Francis’ religion teacher stresses the importance of social justice | Schools


St. Francis High School instructor Maddie LaForge teaches a social justice course for juniors, but she and her students aren’t always in class.

LaForge and her students volunteered at the Second Harvest of Silicon Valley food bank on Dec. 6, donating their time and effort to help the nonprofit with its packaging work. Without the support of St. Francis’ service-learning coordinator, LaForge said, projects like this — and other large-scale volunteer experiences — wouldn’t be possible.

“The care and attention given to the service-learning program shows that it is a vital part of our school’s mission and identity,” said LaForge, who also teaches nuns. “As a religion teacher, I work closely with our campus minister, who coordinates with the Second Harvest food bank. Our campus minister arranges the schedule, helps us complete the registration process with Second Harvest, and arranges transportation for our students to be off campus for the school day.

LaForge social justice students heard about Second Harvest, the San Jose Bay Area’s largest food bank, and food insecurity before they volunteered. Together they discussed how the service opportunity was linked to social injustices in the region, including poverty and economic inequality.

LaForge believes that volunteering is a great way for St. Francis students to engage in hands-on learning.

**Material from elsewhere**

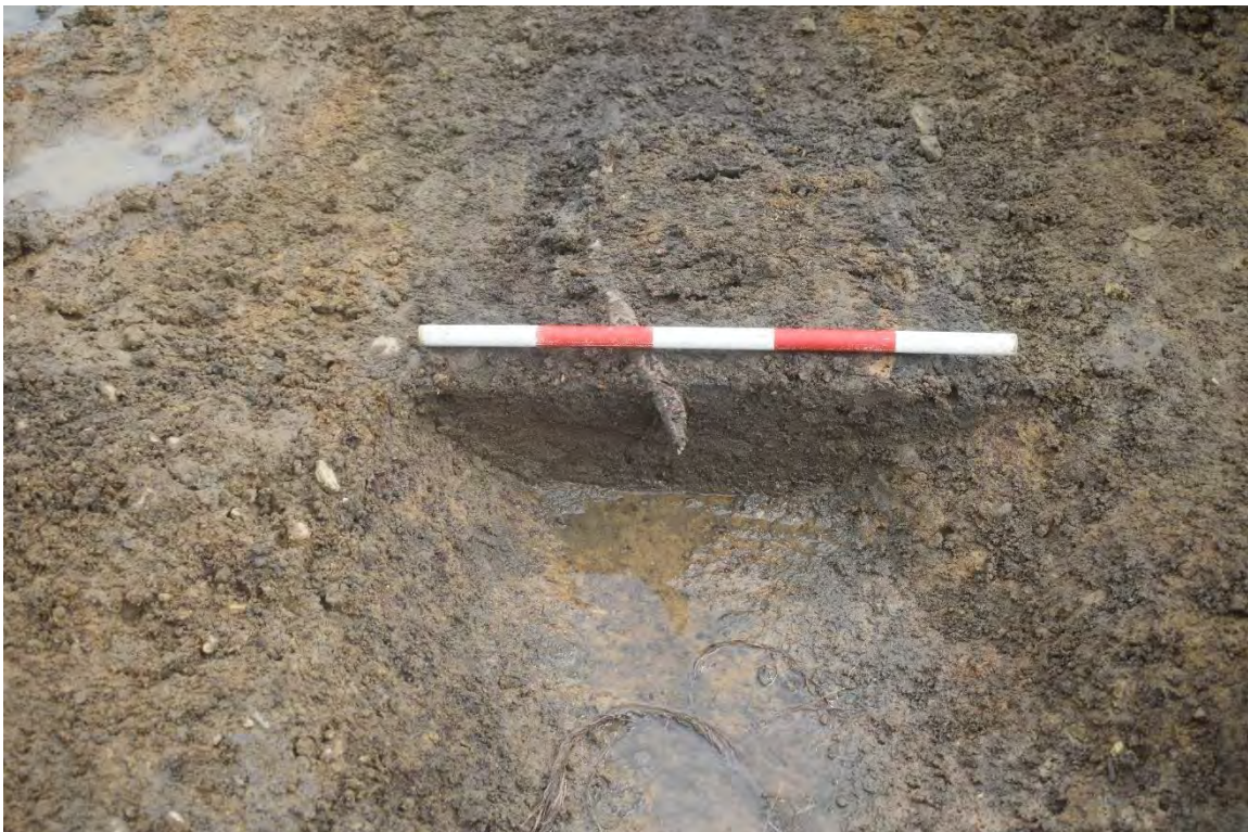
Plate 1.14 Trench 121. Northwest-facing section of ditch [12106], complete with modern rope, looking southeast.

“It’s so healthy for students to get up, out of the classroom and into the community. It is hard work but also very meaningful,” she said. “Students see the impact they have with every box of food they pack and they feel they are making a difference in someone’s life. Our students are happy to leave campus and do something different, and have shared that they find service work very rewarding.

Empower students

In LaForge’s experience with teenagers, they are hardworking, driven, and caring, even if they sometimes get a bad reputation for being apathetic or disengaged. She hopes that educators, mentors and other adults in young people’s lives will empower them to use their gifts with confidence and joy.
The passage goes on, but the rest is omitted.